[BTW,
did you know that the word "suzan" in Farsi means "needle"?
See?!]
-
One, because it keeps me from being an irredeemable couch potato. As long as I am Productive, I don't feel like my evenings in front of the TV are a complete waste.
-
Two, because it keeps me from eating from boredom - it is impossible to eat and sew simultaneously.
-
Three, because it impresses the hell out of almost everyone. A well-executed sampler or project as a gift will pretty much make every other gift look tawdry, cheap, and ill-considered. "See? I love you more than everyone else!"
-
Four, because it is beautiful.
-
Five, because it is real.
Four
and Five deserve some elaboration... some "embroidery,"

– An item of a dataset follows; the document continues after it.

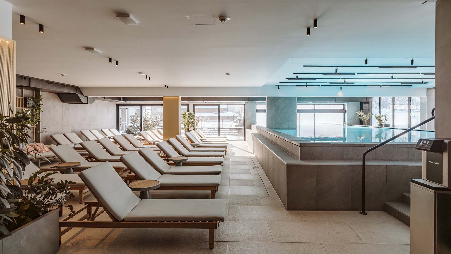 Bergskigebiet mit komfortablen Designermöbeln, warmen Farben, brillanten Betten und großen Fenstern

if you will. All day long at my IT job I manipulate bits of nothingness
- I produce NOTHING except documents that more often
than not
never even get printed - ghosts of words that are read
by someone
in an email and then deleted, never to be made tangible.
Needlework
is the one inescapably real thing I do outside the
office that
actually displays talent and skill beyond my ability to
hook up
a user laptop on a DSL wireless network and connect via
VPN to
the office network, or add a show venue address to an
enormous
database.
It
used to be that most of the things produced with needle and thread
were useful in some way - you made clothing or upholstery or bed
linens yourself. But now there's no need - it can be done more
cheaply and quickly by machines in factories, or by women at home
on sewing machines. Almost the only hand-sewing done now is for
art's sake - quilts, cross-stitch, needlepoint. And when you use
real linen, and cotton or sometimes silk thread, there is a tangible,
beautiful product completed after many hours. It takes focus and
it takes patience. Except for little projects, most needlework
projects take weeks or months.
It's
sometimes my only grasp on what is real, what matters, what is
meaningful - with a TiVo, iPod, and Blackberry, I can literally
spend HOURS on intangibles that have little value or benefit (unless
it be to inspire or educate... but for me, usually it's just for
entertainment). I come home after herding invisible bits and bytes
around an unseen network all day, and I pick up a piece of fine
linen with threads of scarlet and purple, and I am making something
far more enduring than the report on client earnings I generated
that morning, or the software installed that afternoon.
And
of course, like I said - it impresses the hell out of everyone.